Insider Trading Charges Brought Against CIO for Post-Breach Trading

By: Joshua Mooney and Gwenn Barney

On March 14, 2018, the Securities and Exchange Commission (SEC) charged a chief information officer (CIO) for a US business division of Equifax with insider trading in advance of Equifax’s September 2017 disclosure of the massive security breach it suffered that exposed personal information of approximately 148 million Equifax customers.

Prosecutors allege that Jun Ying used confidential, non-public information to conclude that Equifax had sustained a data breach. Thereafter, he exercised all of his vested Equifax stock options and sold the shares for proceeds of approximately $950,000. The complaint alleges that “[t]hese securities transactions were made on the basis of material nonpublic information and breached the duty of trust and confidence that Ying owed to Equifax and its shareholders.” In their investigation, SEC investigators discovered that Ying had exchanged several texts and emails indicating Ying’s suspicion that Equifax had sustained a data breach. Additionally, investigators found that on August 28, 2017 – prior to Equifax’s disclosure of its data breach – Ying conducted several searches on the Internet related to the effect Experian’s 2015 data breach had on the company’s stock price.

Equifax announced its data breach after the stock market closed on September 7, 2017. The stock price dropped the next day by nearly 14 percent and the volume of Equifax shares traded increased more than 30-fold as compared to the previous day.

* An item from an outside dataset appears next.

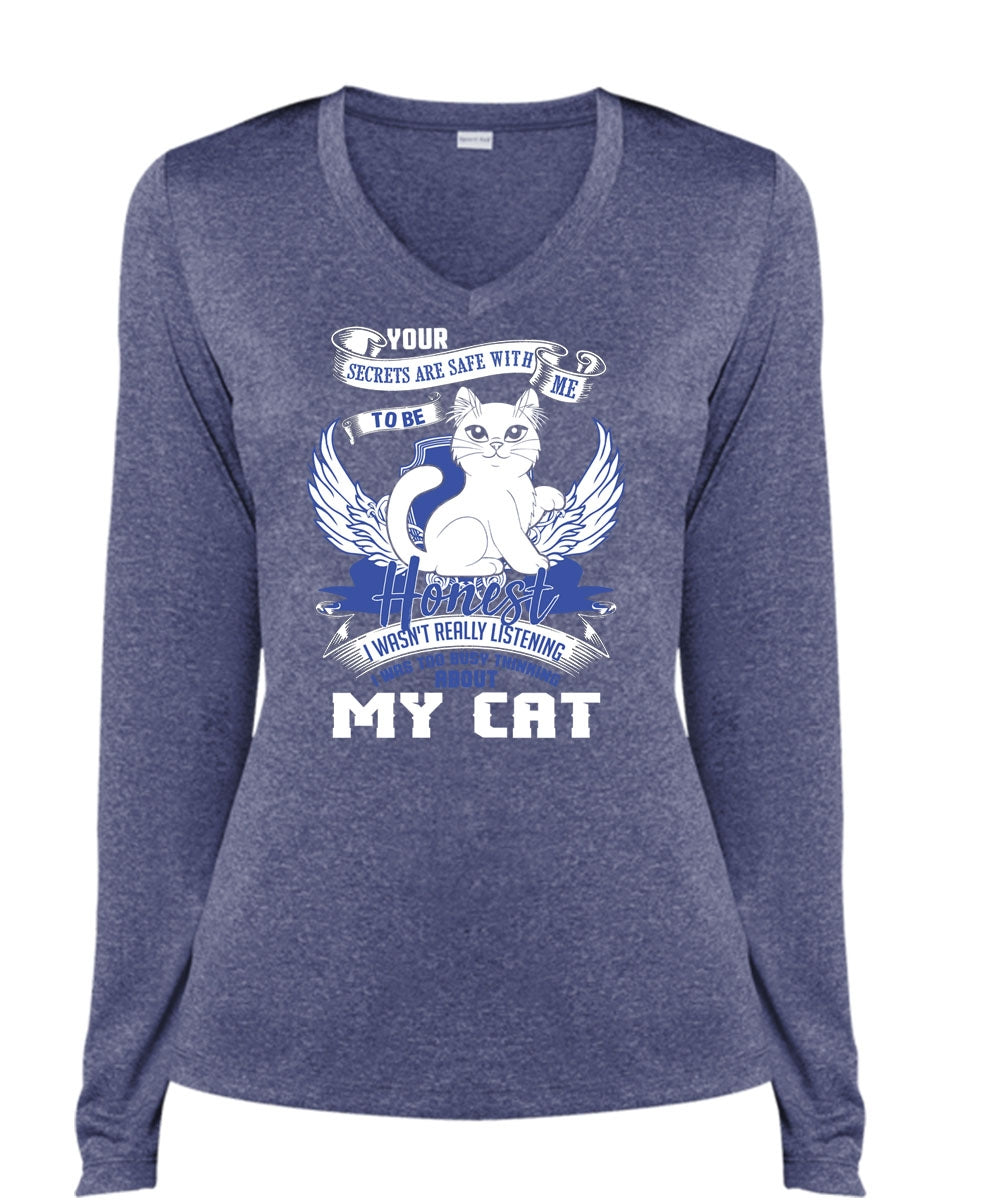 I Was Too Busy Thinking About My Cat T Shirt, My Favorite T Shirt, Cool Shirt (Ladies LS Heather V-Neck)

SEC investigators estimate that Ying avoided $117,000 in losses that would have resulted from news of the Equifax breach had he not taken any action prior to the public announcement of the breach.

The relief sought by the SEC in its complaint includes an order requiring that Ying disgorge an amount equal to the $117,000 in losses that he avoided plus interest and a civil monetary penalty, as well as a prohibition against Ying serving as an officer or director of any public company.

Before vesting his shares, Ying was on track to become Equifax’s next global CIO, and Equifax offered him the job on September 15, 2017, when the previous global CIO resigned. At the time of the offer, Ying did not reveal to the company that he had vested and subsequently sold his shares prior to the public announcement of the breach. Upon the completion of an internal Equifax investigation into Ying’s trading, the company moved to terminate Ying’s employment, and Ying agreed to resign.

This case serves as a reminder that when a company sustains a cybersecurity incident, in addition to its investigation and response to the event, a company should also (1) ensure that employees are aware of insider trading rules; (2) apply blackout periods (when individuals are not allowed to trade following a breach) to a broader group of employees; and (3) implement a plan to monitor the vesting of stock options and trade of shares after a breach occurs, but before the breach is made public.